AnsweredAssumed Answered

HIVE UDF ClassNotFoundException Error

Question asked by chriswirt on Feb 6, 2013
Latest reply on Feb 14, 2013 by chriswirt
We have migrated our 20 node Hadoop cluster to MapR. A majority of our jobs run as Hive queries and use a large number of UDFs. We've been moving from hadoop-0.20./hive-0.10 to MapR-2.1/hive-0.10.

Since the initial migration we've been experiencing intermittent issues whereby a hive job will fail with a ClassNotFoundException for the required UDF. I say intermittent as we've found the issue to not happen all of the time on any particular job or job-stage.
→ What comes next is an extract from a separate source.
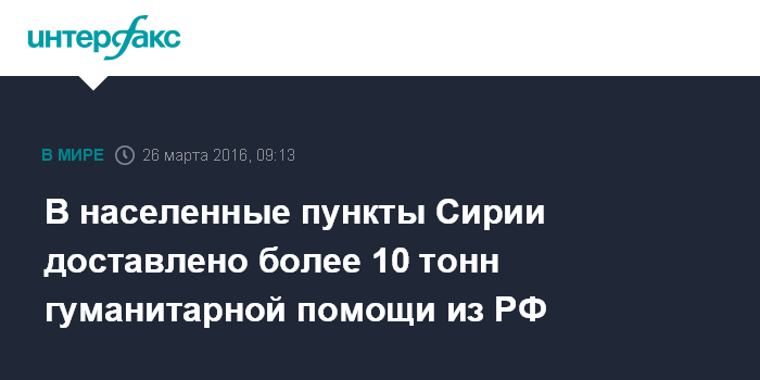 Москва. 26 марта. INTERFAX.RU - Новая партия российской гуманитарной помощи доставлено в населенные пункты сирийской провинции Хама, ранее осажденные и захваченные террористами запрещенной в РФ "Джебхат ан-Нусры".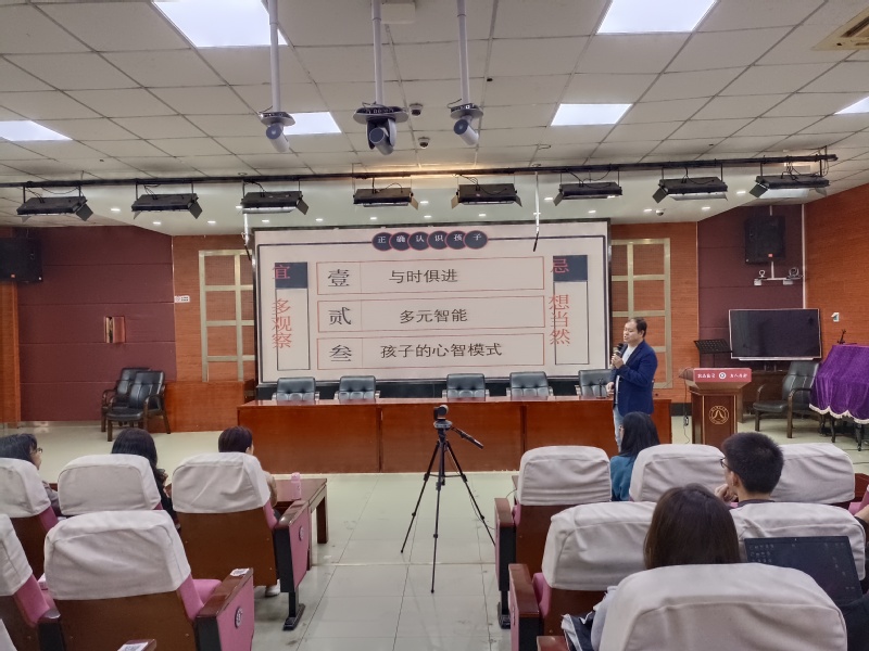 讲座共分为三个部分,第一部分重点讲述学会正确认识孩子的方法,第二部分阐述遵循与孩子相处的原则,第三部分为掌握与孩子成长的技巧。在正确认识孩子中,陈博士谈到,要与时俱进,在多元智能的时代,了解孩子的心智模式。在谈到与孩子相处的原则的时候,陈老师从尊重孩子有边界的意识,有效的惩戒,坚持底线的原则,宽容友爱,容错机制的原则,因材施教,不比较的原则几个方面来展开。在和孩子沟通的技巧方面,他建议大家要慢下来,多问问孩子为什么;要蹲下来,用孩子的视角去看待世界;要缓下来,做情绪的主人会更好;要懒下来,给孩子做事的机会;要爱起来,成为孩子成长中的天使。他提出用“三个一”构建有质量的陪伴,建议大家与孩子同读一本书,陪走一段路,共做一件事。陈老师结合自己多年研究成果,旁征博引,给大家带来一场精彩的讲座。

The fail also doesn’t appear to be local to any particular cluster node.

The only noticeable trends are, it is the larger jobs which are often failing and if one map/reduce task of a particular job-stage fails with ClassNotFoundException then all map/reduce tasks will fail and the entire job will have to be rerun.

If a job does fail a couple of retries will generally eventually result in a successful run.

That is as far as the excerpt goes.